> **EXERCISE BRIEF**: When the line containing "視角繼續(xù)向下來到地面" is found in the data below, give it again along with every later line, exactly; drop the pictures.

▬▬▬

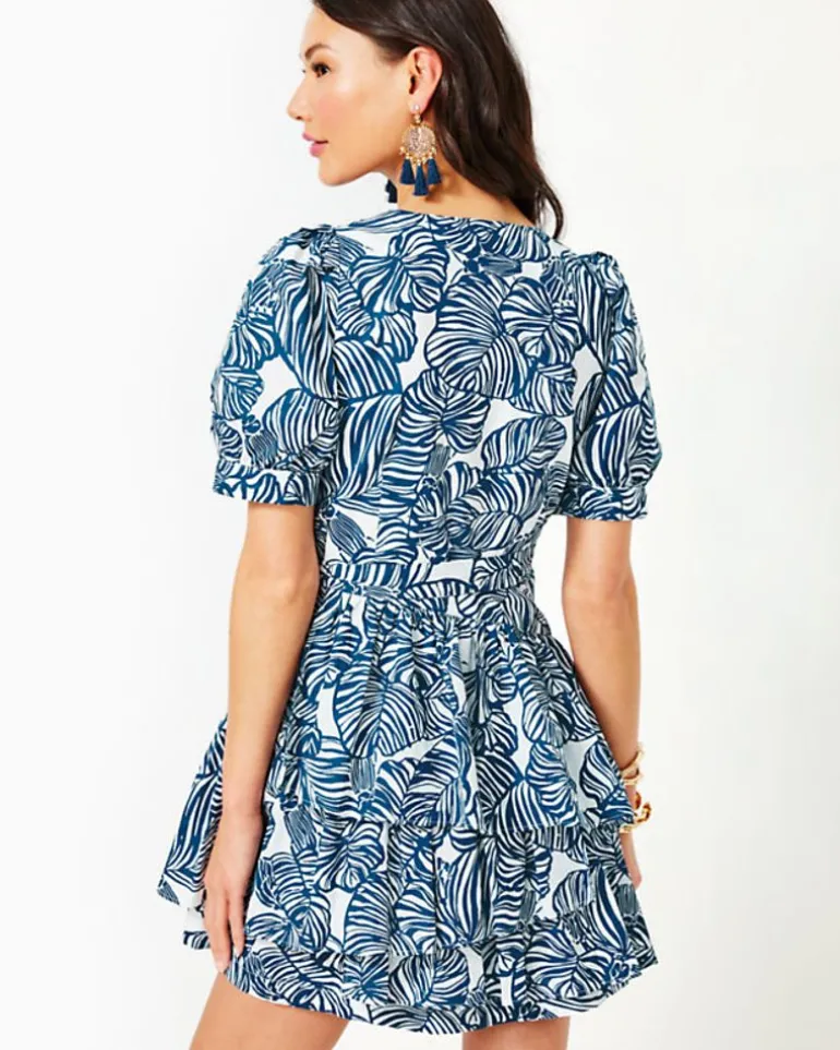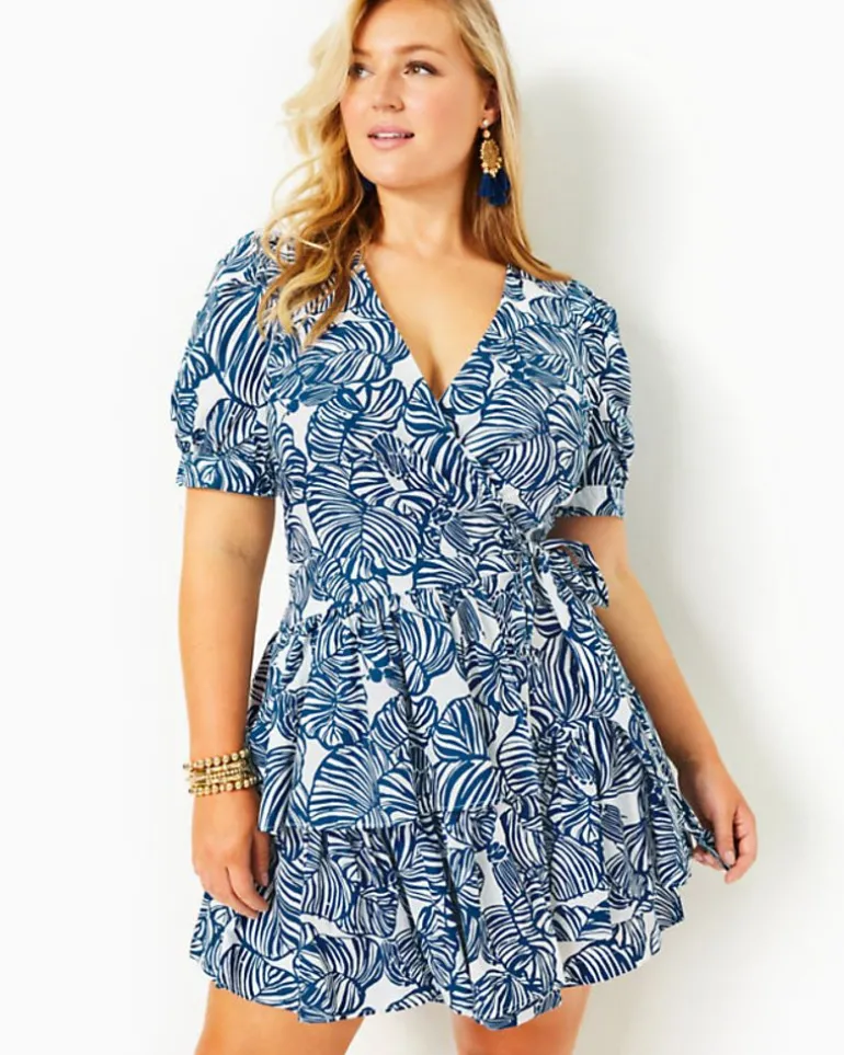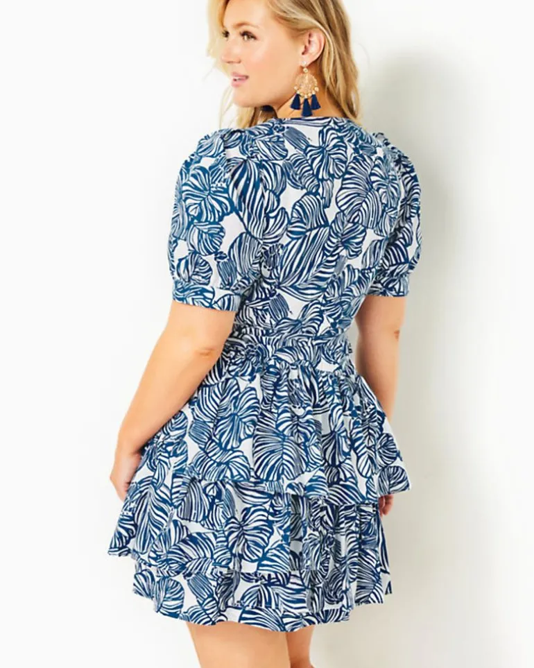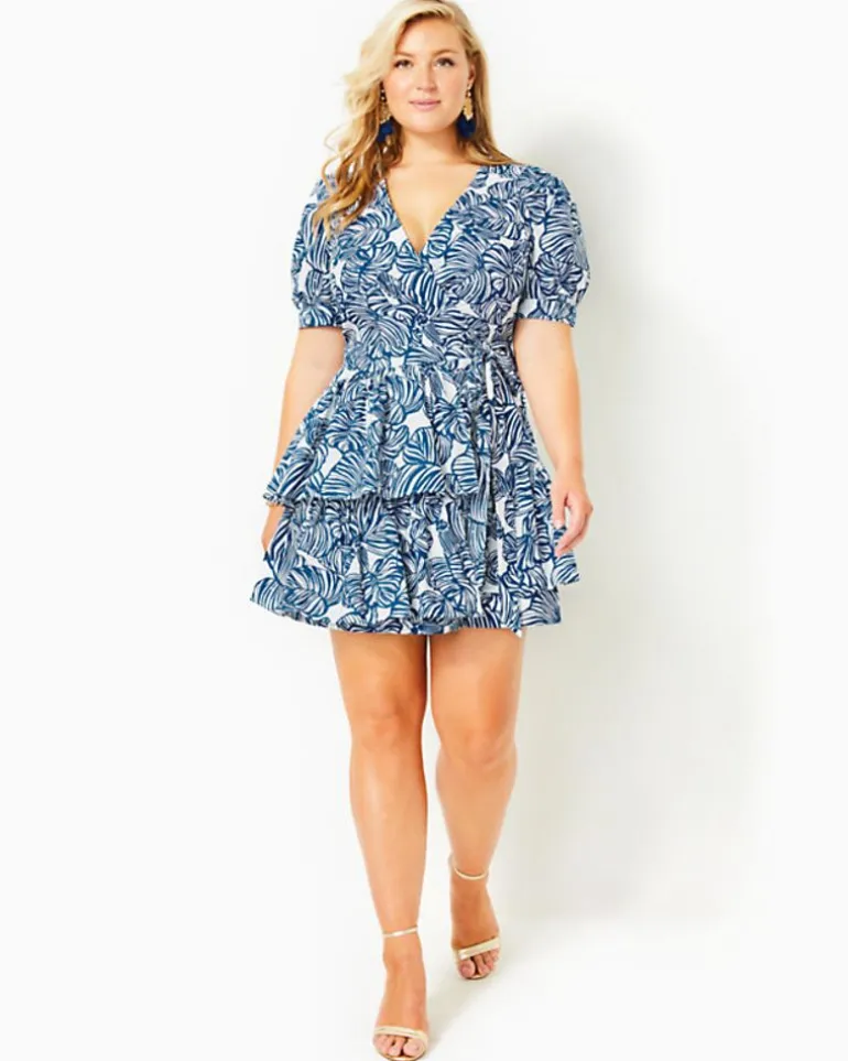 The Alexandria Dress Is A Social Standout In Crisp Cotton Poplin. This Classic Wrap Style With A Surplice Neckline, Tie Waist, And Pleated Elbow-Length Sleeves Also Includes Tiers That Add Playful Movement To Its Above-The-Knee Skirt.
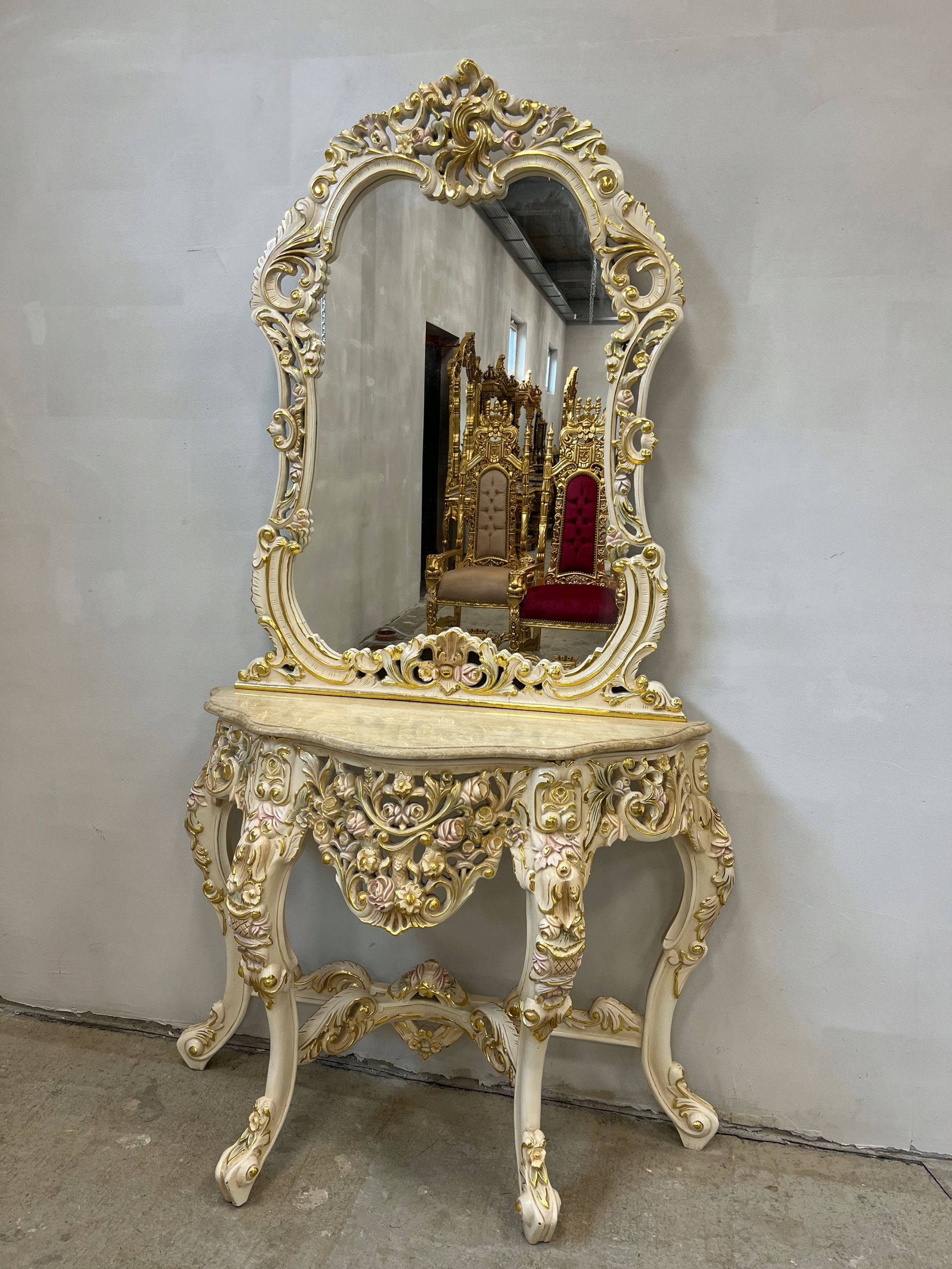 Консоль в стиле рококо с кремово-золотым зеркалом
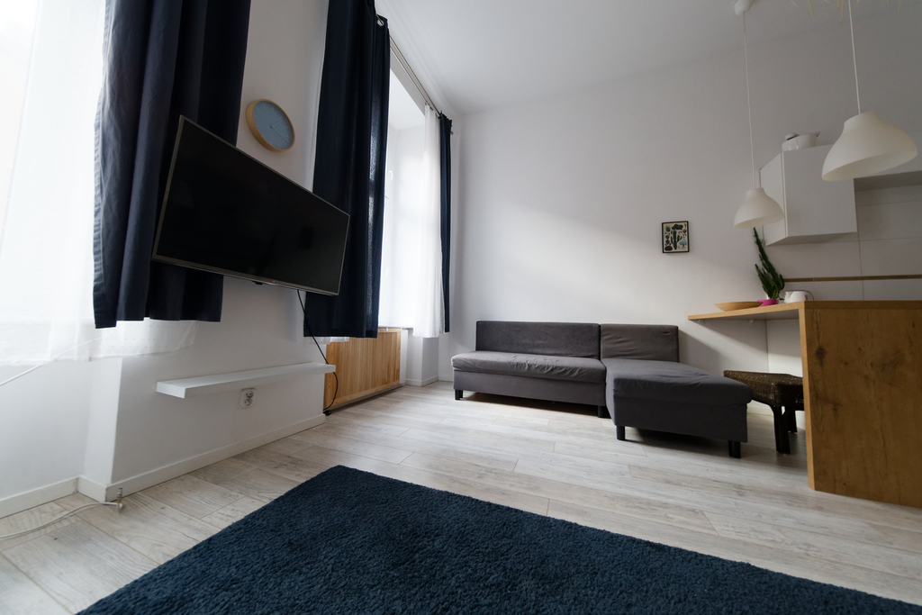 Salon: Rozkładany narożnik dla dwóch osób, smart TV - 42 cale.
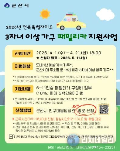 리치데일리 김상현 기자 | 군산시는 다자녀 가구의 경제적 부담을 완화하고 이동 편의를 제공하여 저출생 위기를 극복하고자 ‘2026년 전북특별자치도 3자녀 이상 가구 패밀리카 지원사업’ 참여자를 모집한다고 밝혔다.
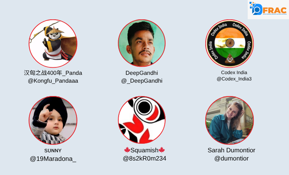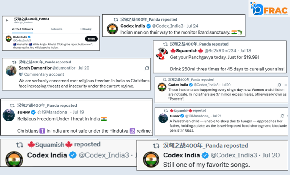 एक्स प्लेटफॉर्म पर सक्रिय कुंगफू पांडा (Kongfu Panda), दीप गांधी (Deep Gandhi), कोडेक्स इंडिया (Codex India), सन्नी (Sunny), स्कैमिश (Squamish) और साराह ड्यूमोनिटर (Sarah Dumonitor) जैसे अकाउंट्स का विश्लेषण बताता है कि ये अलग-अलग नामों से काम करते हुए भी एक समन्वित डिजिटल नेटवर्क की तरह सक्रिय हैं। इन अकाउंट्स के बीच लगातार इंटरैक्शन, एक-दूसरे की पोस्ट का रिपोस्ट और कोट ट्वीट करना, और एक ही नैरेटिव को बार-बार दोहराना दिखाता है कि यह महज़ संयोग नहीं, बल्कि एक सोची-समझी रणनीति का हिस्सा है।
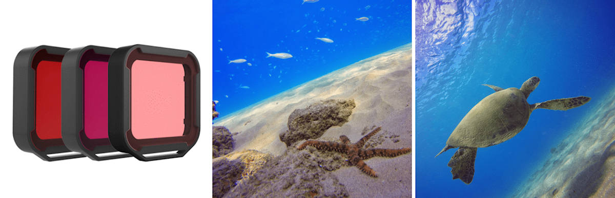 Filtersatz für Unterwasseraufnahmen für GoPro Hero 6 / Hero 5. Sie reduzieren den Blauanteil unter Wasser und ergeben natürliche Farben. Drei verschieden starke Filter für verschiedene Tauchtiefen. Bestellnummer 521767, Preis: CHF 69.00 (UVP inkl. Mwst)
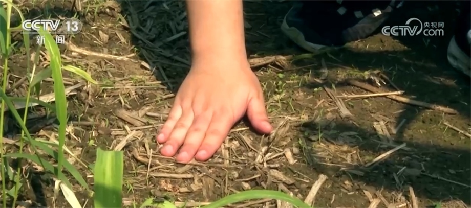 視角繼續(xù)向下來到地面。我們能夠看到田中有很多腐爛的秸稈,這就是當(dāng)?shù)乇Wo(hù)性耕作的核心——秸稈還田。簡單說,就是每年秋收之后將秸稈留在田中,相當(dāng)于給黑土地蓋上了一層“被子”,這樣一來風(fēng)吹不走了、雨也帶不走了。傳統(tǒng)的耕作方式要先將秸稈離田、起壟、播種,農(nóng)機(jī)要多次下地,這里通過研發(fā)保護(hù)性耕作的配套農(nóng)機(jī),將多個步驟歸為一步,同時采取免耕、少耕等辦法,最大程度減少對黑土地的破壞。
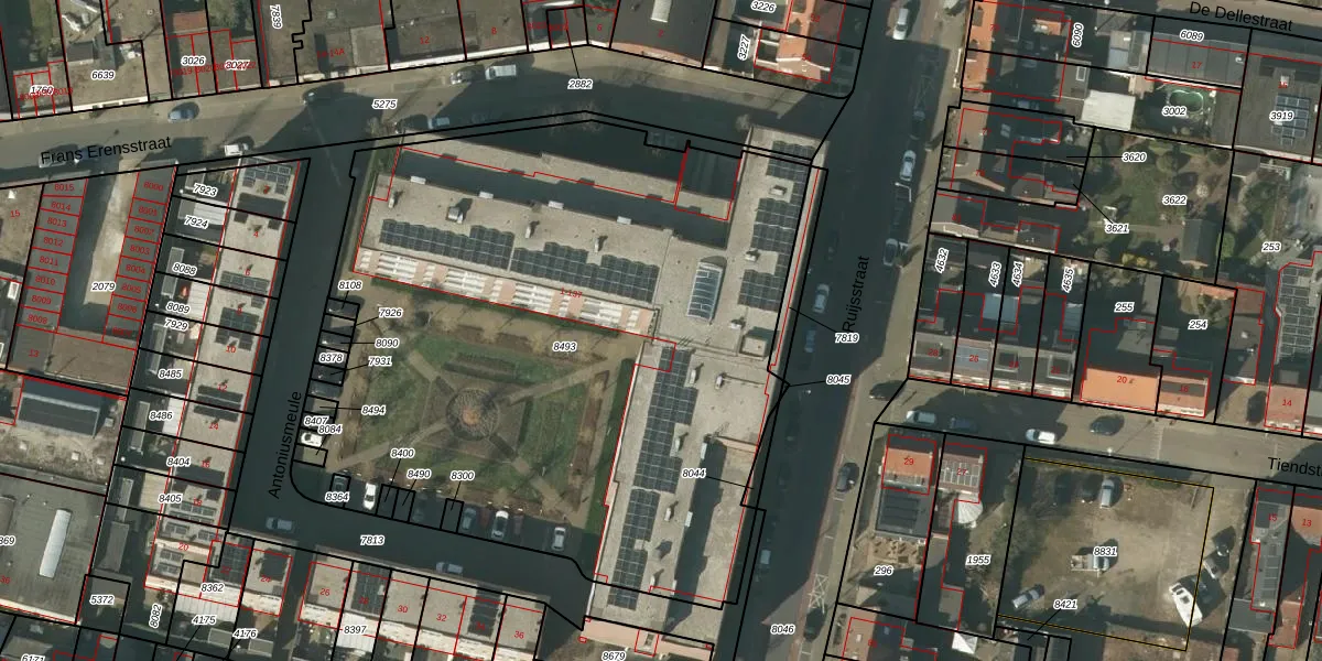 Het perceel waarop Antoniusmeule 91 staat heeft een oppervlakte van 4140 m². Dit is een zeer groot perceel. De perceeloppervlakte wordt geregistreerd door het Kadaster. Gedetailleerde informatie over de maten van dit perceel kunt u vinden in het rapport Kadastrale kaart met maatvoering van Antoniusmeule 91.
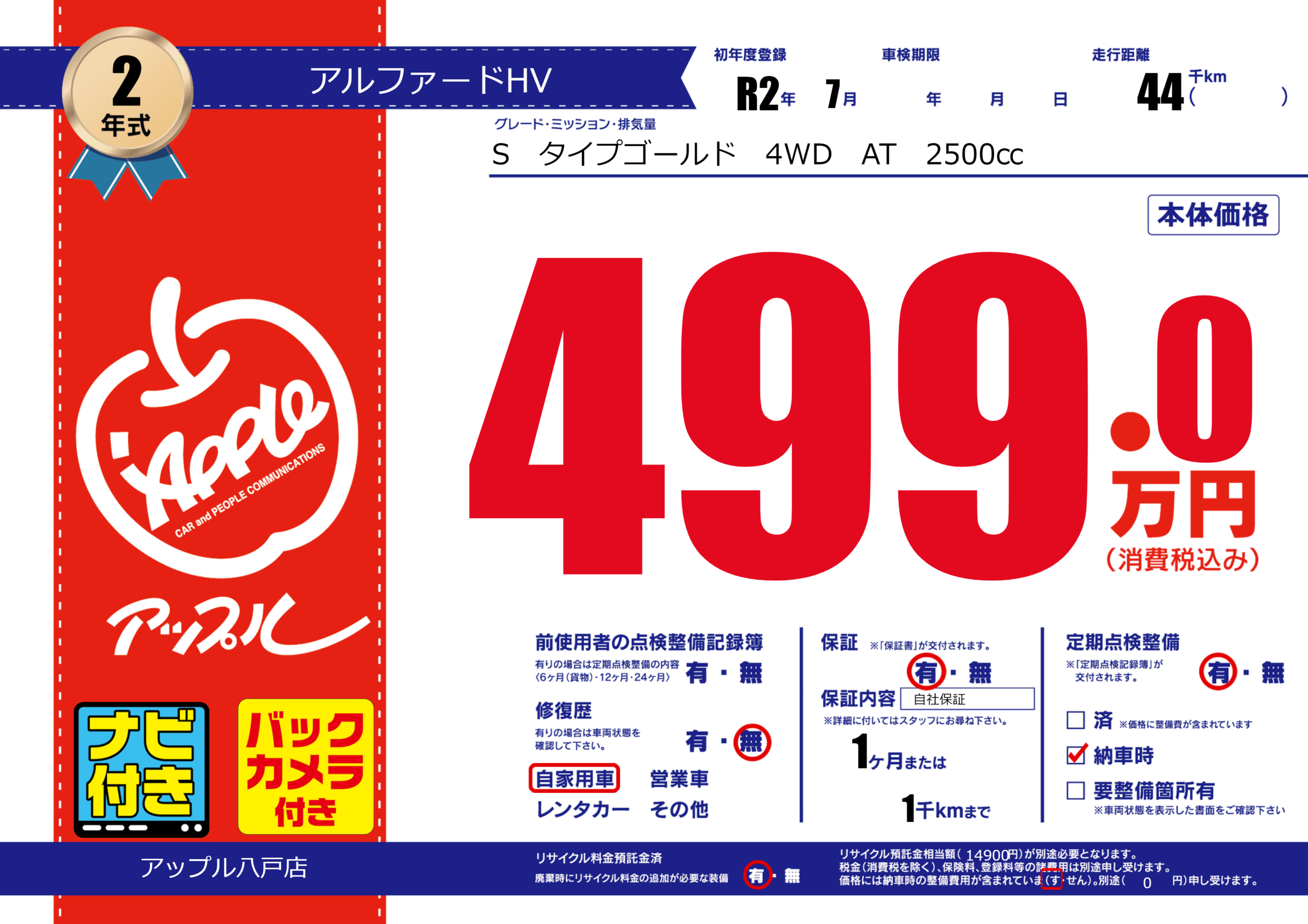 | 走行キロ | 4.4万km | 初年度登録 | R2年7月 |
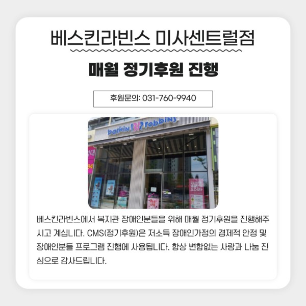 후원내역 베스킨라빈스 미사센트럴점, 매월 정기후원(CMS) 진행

▬▬▬

> **RESULT OF THIS TASK**:
 視角繼續(xù)向下來到地面。我們能夠看到田中有很多腐爛的秸稈,這就是當(dāng)?shù)乇Wo(hù)性耕作的核心——秸稈還田。簡單說,就是每年秋收之后將秸稈留在田中,相當(dāng)于給黑土地蓋上了一層“被子”,這樣一來風(fēng)吹不走了、雨也帶不走了。傳統(tǒng)的耕作方式要先將秸稈離田、起壟、播種,農(nóng)機(jī)要多次下地,這里通過研發(fā)保護(hù)性耕作的配套農(nóng)機(jī),將多個步驟歸為一步,同時采取免耕、少耕等辦法,最大程度減少對黑土地的破壞。
 Het perceel waarop Antoniusmeule 91 staat heeft een oppervlakte van 4140 m². Dit is een zeer groot perceel. De perceeloppervlakte wordt geregistreerd door het Kadaster. Gedetailleerde informatie over de maten van dit perceel kunt u vinden in het rapport Kadastrale kaart met maatvoering van Antoniusmeule 91.
 | 走行キロ | 4.4万km | 初年度登録 | R2年7月 |
 후원내역 베스킨라빈스 미사센트럴점, 매월 정기후원(CMS) 진행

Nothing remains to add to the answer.